Ed è girando la terza carta che il Tempo prende per la prima volta forma: una tartaruga gigante e secolare, la più anziana al mondo, Lazarus. Con lei il romanzo si allunga e allarga, diventa antichissimo e corale, confluendo direttamente nella tradizione dei più famosi romanzieri americani, da Faulkner a Dos Passos: grazie a Lazarus, Bible può tornare al 1881, quando per primo James vestì il completo in tessuto di cotone (“seersucker”, appunto), e poi seguirono Kirk, Simon, e tanti altri, fino a Thomas e a François, l’ultimo Seersucker; dopo di loro Bible segue le storie di due guardiani, Walt e Sandy, assoldati da un miliardario che ha paura di invecchiare e morire – che tanto, nella sua ossessione per il tempo che inesorabilmente ed irrecuperabilmente scorre, ci ricorda l’autore – per tenere d’occhio Lazarus; a questi ultimi però la tartaruga sfugge, incontrando e sconvolgendo la vita di Jill e Quiet, che per il lettore potevano essere solo due spacciatori, ma per Bible dovevano essere molto di più. Tutte queste storie, i sogni di ogni comparsa, l’autore li racconta con lapidaria franchezza ed estrema dolcezza, come se anche le loro vite non fossero altro che mazzi di tarocchi nelle mani del Tempo, che si diverte a mescolarne le carte. Dell’amore, del bisogno di sentirlo e comunicarlo, Bible aveva già parlato ne L’ultima cosa bella sulla faccia della terra, quando al protagonista, il giovanissimo condannato a morte Iggy, fa proferire queste ultime parole: «Presto sarò polvere sotto una lapide […]. Prima che succeda volevo mettere per iscritto certe cose che ho amato e ricordarvi che, per adesso, resisto». Anche in lui Bible sembra lasciare un pezzo di sé: e come il pittore urbinate guarda attraverso la tela della sua Scuola d’Atene per vedere se l’osservatore ricambia il suo sguardo, se è tanto acuto da scovarlo, così il nostro autore lascia fra le pagine sé stesso come un puzzle da ricostruire, sfidando il lettore a completarlo.

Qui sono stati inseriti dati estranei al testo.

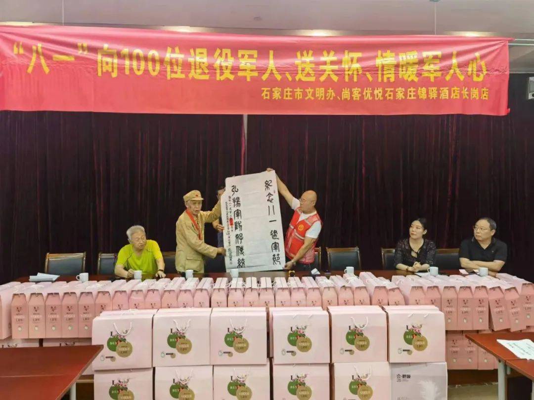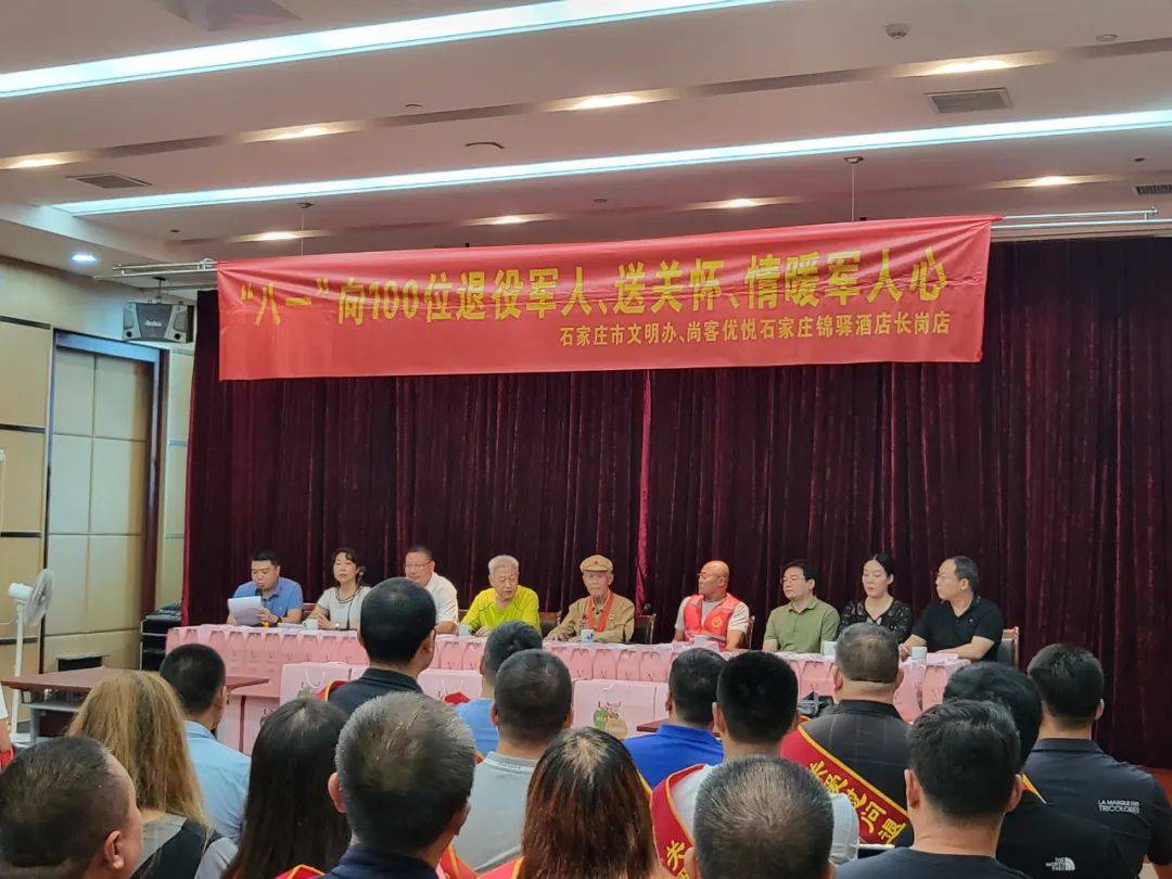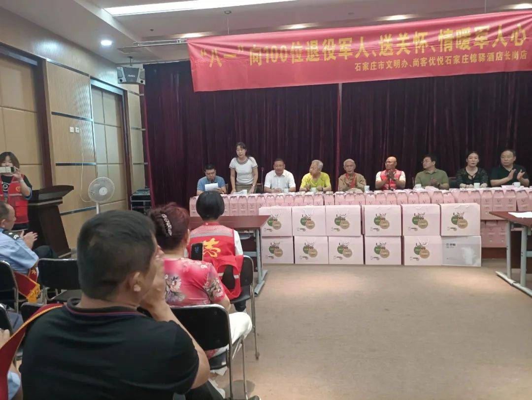 “八一”送关怀,情暖军人心,由石家庄市文明办,石家庄供水有限责任公司、长安区文明办、石家庄一家人志愿者团队,尚客优悦石家庄锦驿酒店长岗店共同发起的慰问退役老兵活动在石家庄市新世隆三楼西二会议室举行。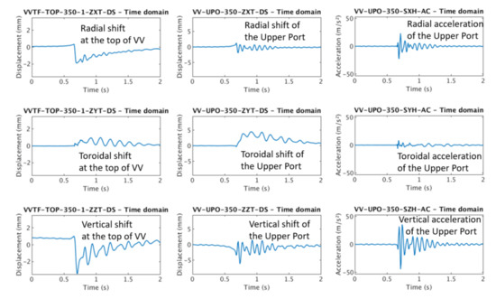 Dynamic simulations [7] demonstrate rather different characteristics of VV dynamic response in different spots: at the top of the VV and at the end of the regular upper port, both at one azimuth. This indicates a large role of bell-like vibration of VV structure. Vertical and radial aperiodic components associate mostly with direct EM loads, while lateral aperiodic- with asymmetric inertial response to symmetric EM excitation, and all periodic components- with various modes of inertial response. Courtesy of [7].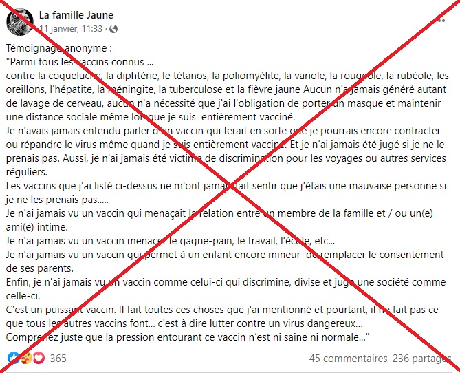 L'auteur du texte compare les vaccins contre le Covid-19 aux vaccins contre de nombreuses autres maladies et conclut à l'inefficacité du vaccin. "Parmi tous les vaccins connus...contre la coqueluche, la diphtérie, le tétanos, la poliomyélite, la variole, la rougeole, la rubéole, les oreillons, l'hépatite, la méningite, la tuberculose et la fièvre jaune, aucun [...] n'a nécessité que j'ai l'obligation de porter un masque et de maintenir une distance sociale même lorsque je suis entièrement vacciné", peut-on lire. "Je n'avais jamais entendu parler d’un vaccin qui ferait en sorte que je pourrais encore contracter ou répandre le virus même quand je suis entièrement vacciné."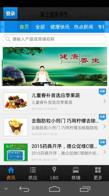 掌上健康养生客户端是一款实用性信息平台,集行业资讯、供求商机、企业黄页、微博分享、转播到腾讯微博、地图定位、一键拨打联系人电话等功能于一体,掌上健康养生客户端是以为企业和个人带来便捷为出发点;用户注册登陆就可以免费在线发布一定数量的供求信息,是健康养生行业人士上网找信息的首选平台。该客户端面向全国招商各大企业可在该客户端上发布供求信息、发布广告、让各大企业以及广大客户更为便捷。掌上健康养生客户端以其便捷的浏览方式、强大的应用功能,以及最新的资讯信息为广大客户展示一个丰富多样的信息平台。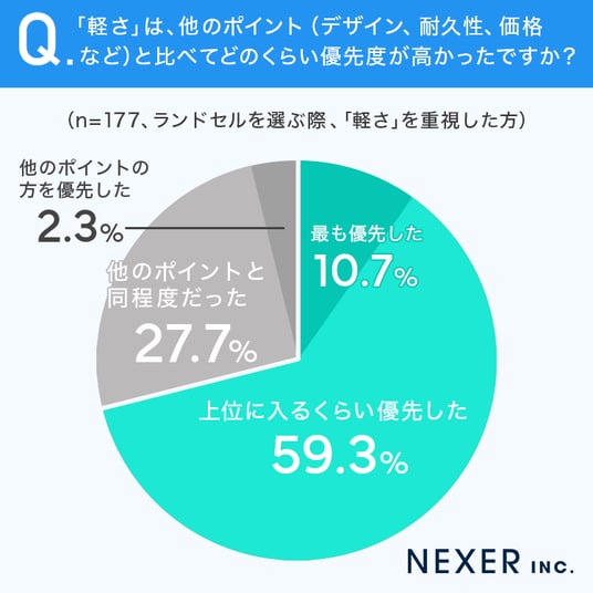 続いて、「軽さ」を重視した方に、他のポイント(デザイン、耐久性、価格など)と比べた優先度を聞いてみました。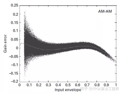 图8 测量增益幅度和估计AM-AM曲线。AM-AM曲线是测量增益幅度的平均值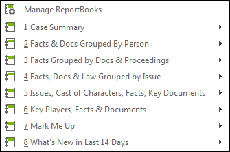 For example, one ReporBook might include an Issue Outline, a Cast of Characters, a Chronology of Key Facts, and a Document Index. A ReportBook can also contain multiple reports based on one CaseMap spreadsheet, such as five reports based on different views of case objects.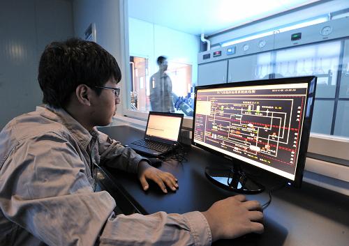 4月25日,在国网天津电科院六氟化硫气体回收净化利用处理中心,工作人员在待处理气体区运输待检测的六氟化硫气罐。当日,国家电网在天津建成的首个六氟化硫气体回收净化利用处理系统在天津电科院正式投入运行。据介绍,该系统运行后,每年可回收净化天津地区460座变电站产生的5吨六氟化硫气体,相当于减排12万吨二氧化碳,节能减排效益明显,将有效促进天津绿色电网和低碳经济的发展。 新华社发 李津 摄 4月25日,在国网天津电科院六氟化硫气体回收净化利用处理中心,工作人员操作六氟化硫气体集控处理系统。 新华社发 李津 摄 |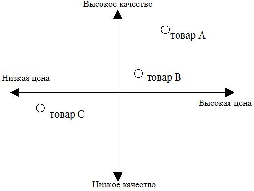 46.Позиционирование товара (услуги). Карта позиционирования Позиционирование — определение места конкретного товара по отношению к товарам конкурентов в сознании потребителей. Позиционирование товара необходимо для обеспечения преимущественного положения товара на рынке. Оно исходит из реального восприятия товаров потребителем и их предложений. Оно основывается на оценке потребительских достоинств товара, возможностях расширения круга потенциальных потребителей, фактора престижности товара, выделение его сильных сторон по отношению к товарам конкурентов. Позиционирование определяет характер восприятия фирмы целевыми покупателями. Стратегия позиционирования — это инструмент реализации стратегии дифференциации. Простейшим способом визуального представления позиционирования на рынке конкурентных товаров является использование двумерной карты для сравнения представлений потребителей о конкурирующих товарах по двум важнейшим рабочим показателям. Конкурентная карта может основываться на потребительском рейтинге каждой торговой марки по каждому параметру. Ее также можно составить по суждениям потребителей о схожести марок, по предпочтениям марок или «переключению» потребителей с одной марки на другую. Затем позиции этих товаров можно сравнить и определить, где на карте будет размещен идеальный товар для потребителя. Идеальная точка показывает сочетание двух показателей, которые больше всего удовлетворили бы потребителей. Если идеальные точки потребителей группируются вместе, они образуют потенциальный целевой сегмент по выгодам. Одной из опасностей конкурентных карт позиционирования товара является то, что незанятое место на поверхности карты может не означать новую возможность позиционирования. Оно может предлагать позицию, основанную на комбинации характеристик, которая никому не нужна («дыра в потребностях»). Компания, разрабатывающая и продвигающая на рынок товар в такую «дыру», может потерять огромные деньги, если нет достаточной реальной или потенциальной потребности в товаре, позиционируемом на рынке по-новому.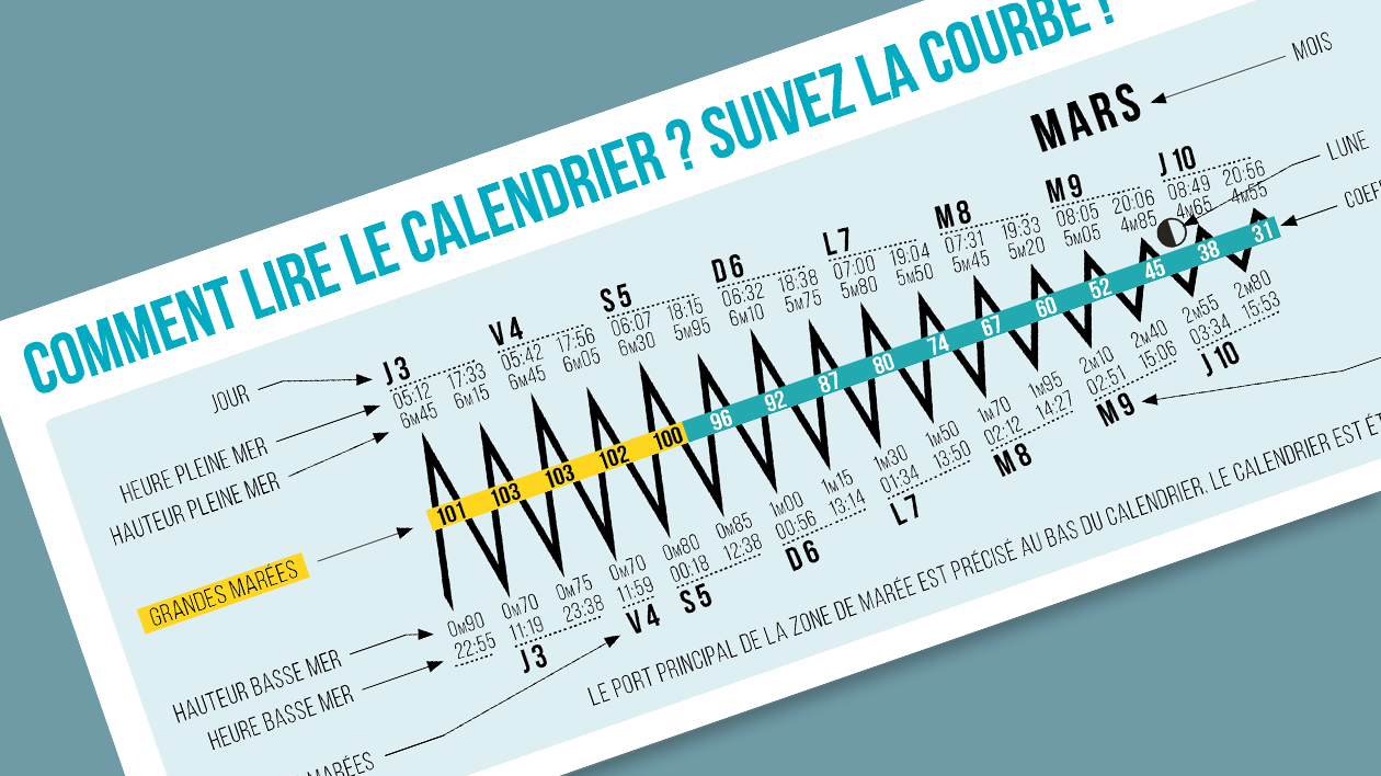 Notre calendrier est aussi un objet décoratif qui égayera et embellira votre intérieur. Simple à lire et à comprendre, il constitue également un excellent support pédagogique pour initier petits et grands au phénomène fascinant des marées.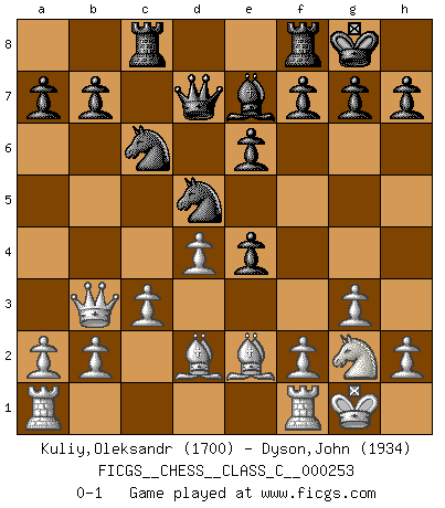Last move : 0-1 2018 August 16 10:30:55 [Event "FICGS__CHESS__CLASS_C__000253"] [Site "FICGS"] [Date "2018.04.30"] [Round "1"] [White "Kuliy,Oleksandr"] [Black "Dyson,John"] [Result "0-1"] [WhiteElo "1700"] [BlackElo "1934"] 1.d4 d5 2.Bf4 Nf6 3.e3 c5 4.c3 Nc6 5.Nd2 cxd4 6.exd4 Bf5 7.Ngf3 e6 8.Qb3 Qc8 9.Nh4 Be4 10.Nxe4 dxe4 11.g3 Be7 12.Ng2 O-O 13.Be2 Nd5 14.Bd2 Qd7 15.O-O Rac8 0-1 This chess game has been lost on time (started : 2018.04.30 22:36:4) Queen's pawn, Mason variation Kingside Castling by player Black (move 12) Kingside Castling by player White (move 15) Player Black won this chess game. Follow this game move after move (download)Before the endgame, the Gods have placed the middle game. (Siegbert Tarrasch) Um dein Spiel zu verbessern musst du zuallererst das Endspiel studieren, denn diese kann unabhängig studiert werden. Die Eröffnung und das Mittelspiel müssen immer in Bezug gesetzt werden zum Endspiel. (José Raúl Capablanca) El Ajedrez, como la música, como el amor, tiene el poder de hacer feliz a la gente. (Siegbert Tarrasch) Les pièces de l'échiquier étaient impitoyables. Elles le retenaient, elles l'absorbaient. Il y avait de l'horreur en cela, mais aussi une harmonie unique. Car, qu'y a-t-il dans le monde, à part les échecs ? (V. Nabokov) Perhaps the current trend of many chess professionals taking up the more lucrative pastime of poker is not a wholly negative one. It may not be too late for humans to relearn how to take risks in order to innovate and thereby maintain the advanced lifestyles we enjoy. And if it takes a poker-playing supercomputer to remind us that we can't enjoy the rewards without taking the risks, so be it. (The Chess Master and the Computer, by Garry Kasparov - 2010)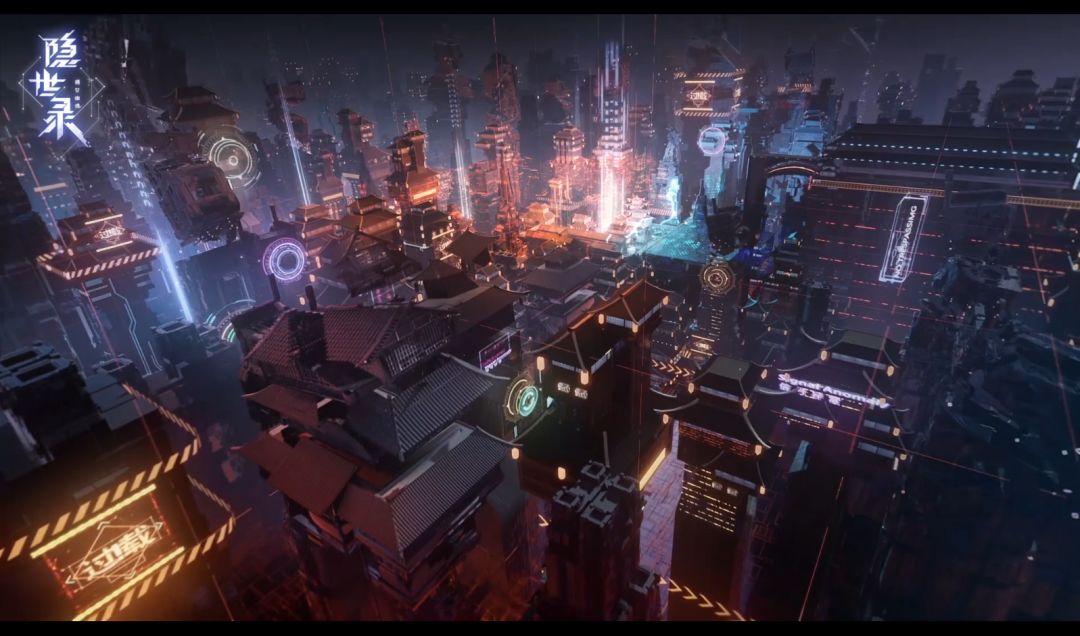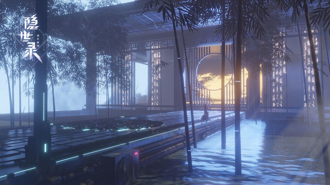 而在中国风与科幻风的融合层面,我们尝试了两种方向,其一是以高科技感的建筑为主体,将飞檐翘角、回字纹、活字印刷、龙图腾等元素掰开揉碎了应用到建筑主体上,使其呈现出和谐的国风科技感;其二是以极简的中式禅意环境为主体,将科幻风的电子人、虚拟投影等元素嵌入进来,形成科幻新中式的写意环境。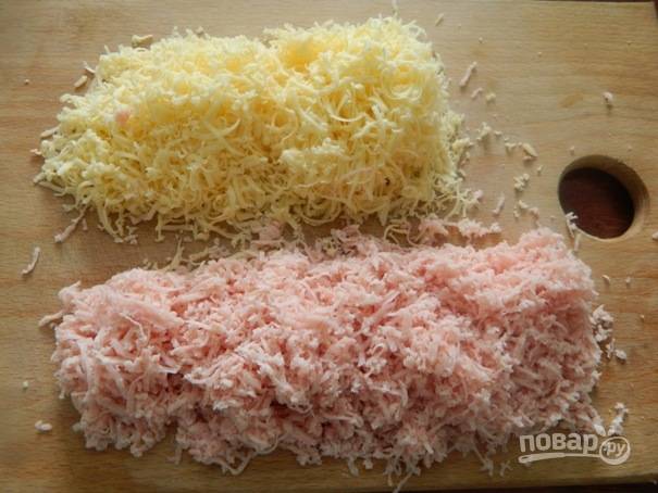 3. Сыр и ветчину трем на мелкой терке. Также можно добавить любое мясо, грибы, овощи.

Carta numero quattro: una piscina avvolta dalle fiamme, dentro una ragazza dai capelli rossicci circondata da tartarughe, tra loro c’è anche Lazarus. È Eleanor, che incastra nel mosaico di ricordi, reali e fittizi, legati alla notte dell’incidente su Mulberry Road l’ultimo fondamentale tassello; lei è la sola a sapere cosa avvenne dopo di sé stessa, l’unica a poterci raccontare da dove viene Little Lazarus, la tartaruga grande «quanto una tazzina di caffè». Sembra tutt’altro che piccola nell’ultima carta: come Lazarus, la sua giovane controfigura permette all’autore di andare oltre il suo tempo, questa volta però in avanti, in un’epoca in cui la Terra o brucia o è terribilmente alluvionata.

A ciascuna carta un capitolo: la cittadina di Harmony nell’«Ouverture», «François», «Lazarus», «Eleanor», «Little Lazarus» non sono altro che strumenti nella mano dell’ormai abilissimo scrittore-cartomante. Chiedersi quale possa essere il motore degli ingranaggi della macchina narrativa di Bible significa chiedersi perché ci si sottopone ad una seduta di cartomanzia: compiacersi per poco nell’illusione di poter controllare il Tempo, scrutare nella sua imprevedibilità, prima che il fuoco – elemento distruttivo, ma anche redentivo, ricorrente in Bible – spazzi via tutto e, come gomma su una pagina scritta a matita, permetta di riscrivere tutto da capo. Le ultime parole, vere o false che siano, saranno le uniche a contare.